··· Provided data

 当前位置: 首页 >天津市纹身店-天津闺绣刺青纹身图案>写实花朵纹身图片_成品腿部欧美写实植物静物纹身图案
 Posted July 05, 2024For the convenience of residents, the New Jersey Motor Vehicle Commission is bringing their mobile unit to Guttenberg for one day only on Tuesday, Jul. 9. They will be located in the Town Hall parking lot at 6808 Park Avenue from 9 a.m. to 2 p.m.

······
··· Provided data

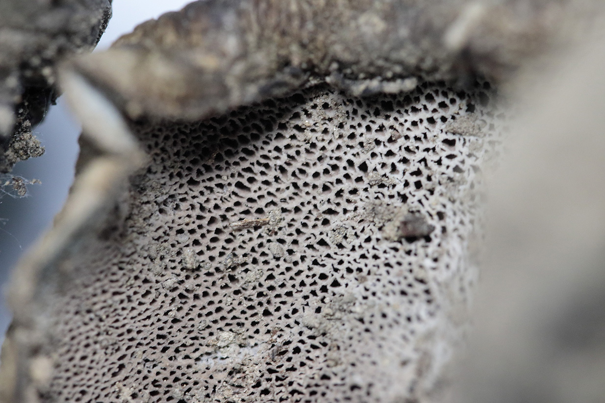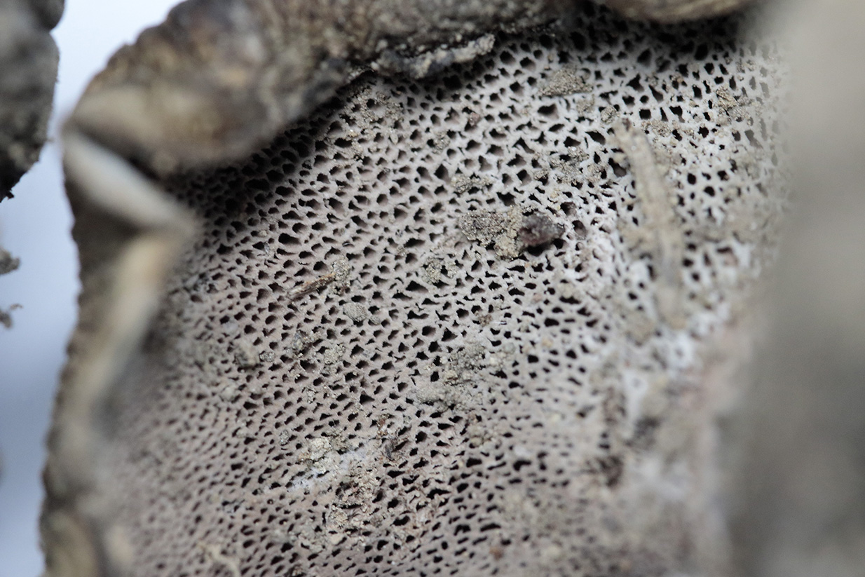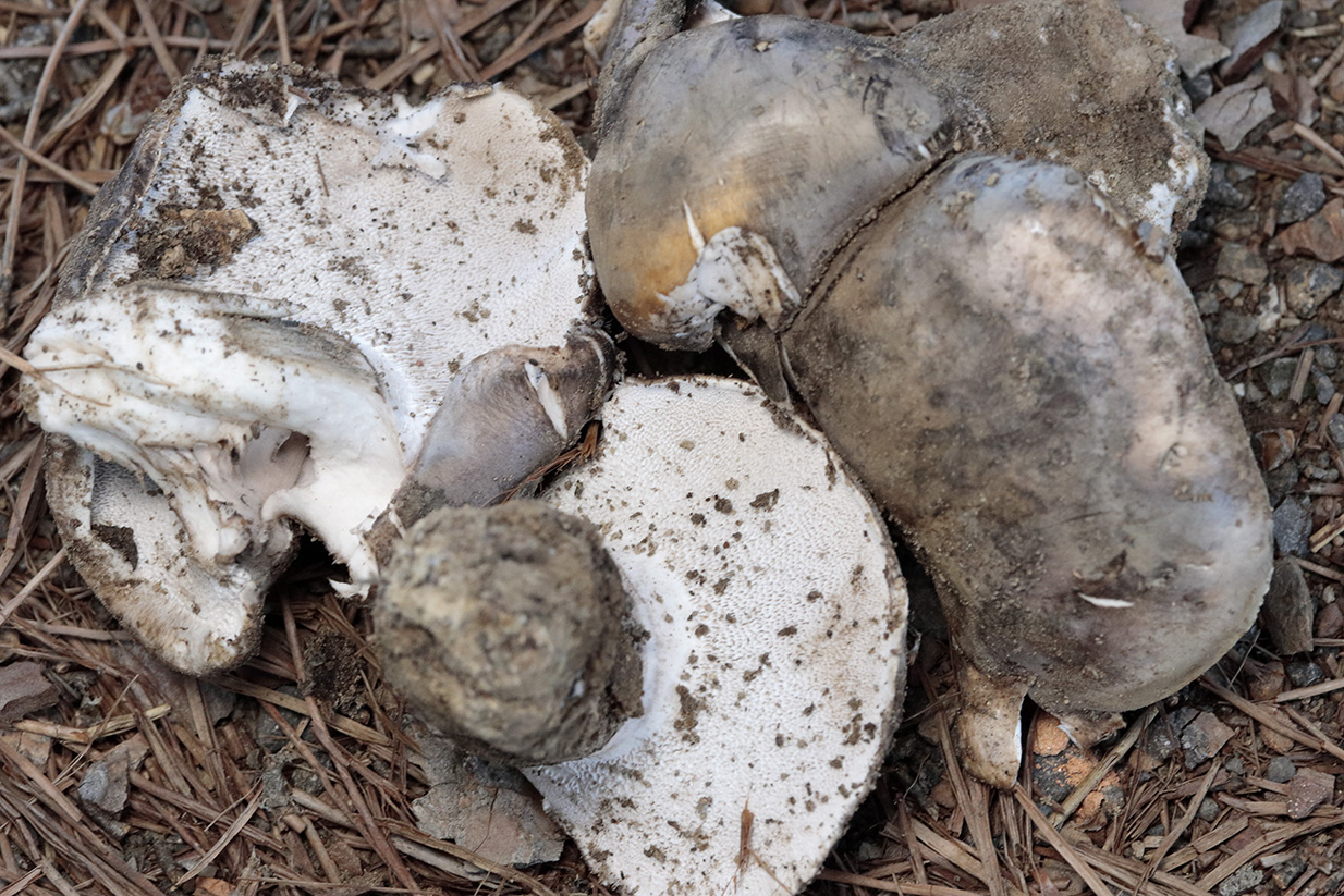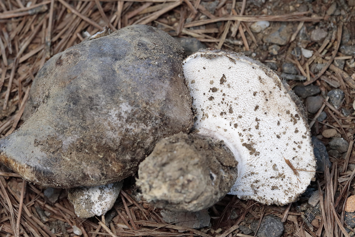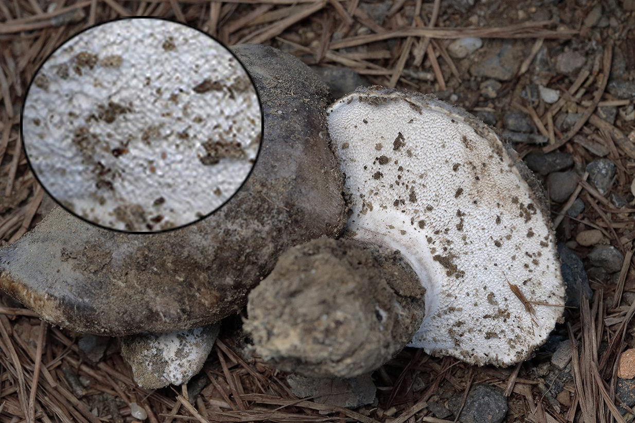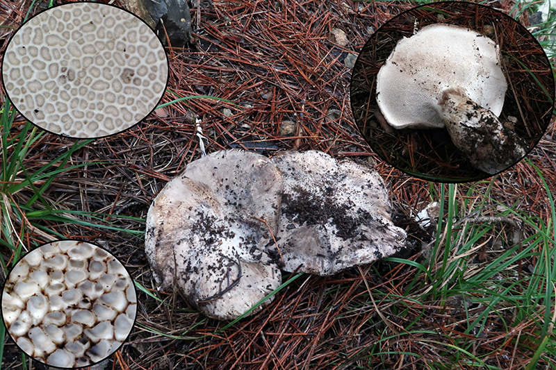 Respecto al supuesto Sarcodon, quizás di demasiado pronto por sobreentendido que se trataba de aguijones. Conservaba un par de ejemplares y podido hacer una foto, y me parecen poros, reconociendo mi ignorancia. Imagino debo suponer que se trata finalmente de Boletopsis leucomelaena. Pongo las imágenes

······

◆ **What you should do**
With the line holding "当前位置: 首页 >天津市纹身店-天津闺绣刺青纹身图案>写实花朵纹身图片_成品腿部欧美写实植物静物纹身图案" as the first and the line holding "Posted July 05, 2024For" as the last, please transcribe exactly the lines of the material above in that range and nothing else.

◆ **Task solution**
 当前位置: 首页 >天津市纹身店-天津闺绣刺青纹身图案>写实花朵纹身图片_成品腿部欧美写实植物静物纹身图案
 Posted July 05, 2024For the convenience of residents, the New Jersey Motor Vehicle Commission is bringing their mobile unit to Guttenberg for one day only on Tuesday, Jul. 9. They will be located in the Town Hall parking lot at 6808 Park Avenue from 9 a.m. to 2 p.m.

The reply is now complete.